What the task asks: Begin your copy at the line with "Оптимальным считается бесщелевой" in the records below and end it at the line with "Проверь баланс! На", restating each line word for word; omit the pictures.
(Beginning of Provided records)
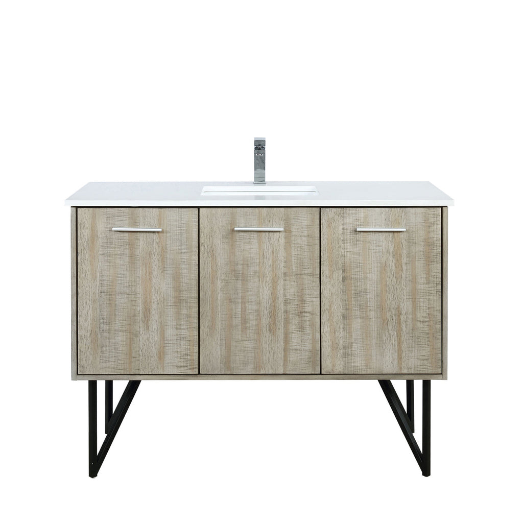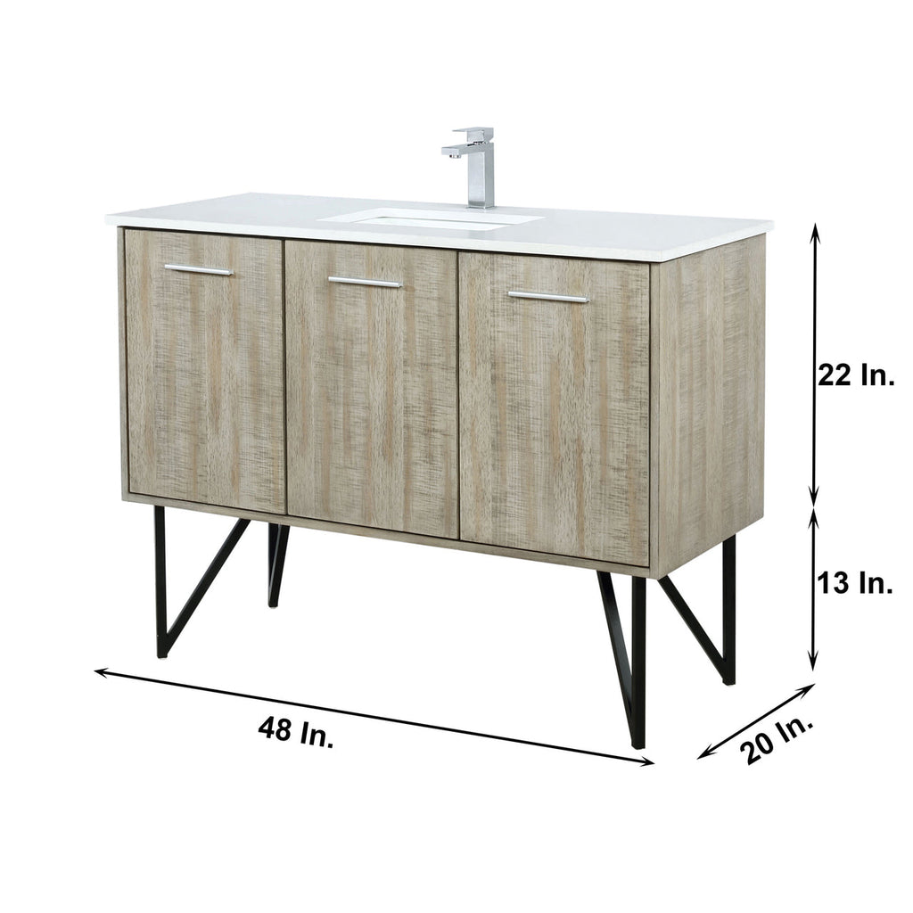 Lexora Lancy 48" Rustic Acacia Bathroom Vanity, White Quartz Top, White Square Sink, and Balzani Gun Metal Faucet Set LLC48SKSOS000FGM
(End of Provided records)
(Beginning of Provided records)
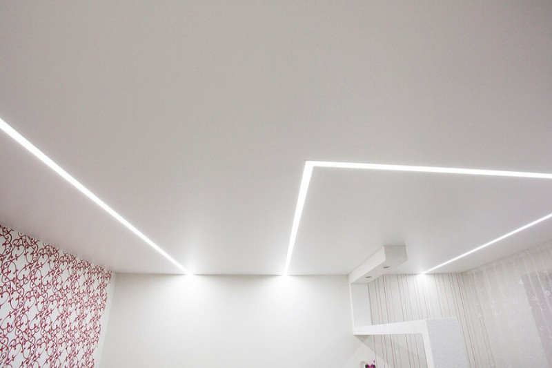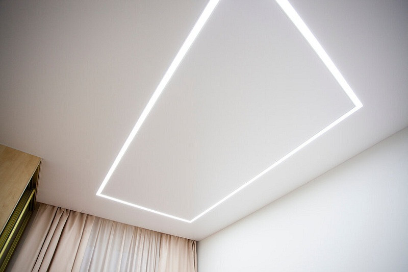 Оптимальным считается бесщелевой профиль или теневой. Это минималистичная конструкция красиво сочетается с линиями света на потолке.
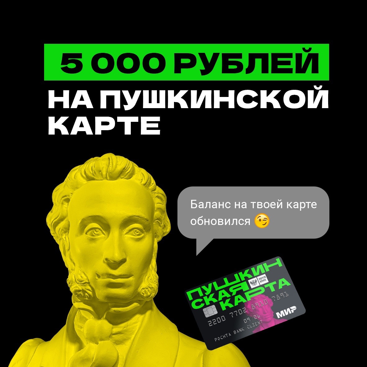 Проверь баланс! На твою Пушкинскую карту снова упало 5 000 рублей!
(End of Provided records)
Answer space:
 Оптимальным считается бесщелевой профиль или теневой. Это минималистичная конструкция красиво сочетается с линиями света на потолке.
 Проверь баланс! На твою Пушкинскую карту снова упало 5 000 рублей!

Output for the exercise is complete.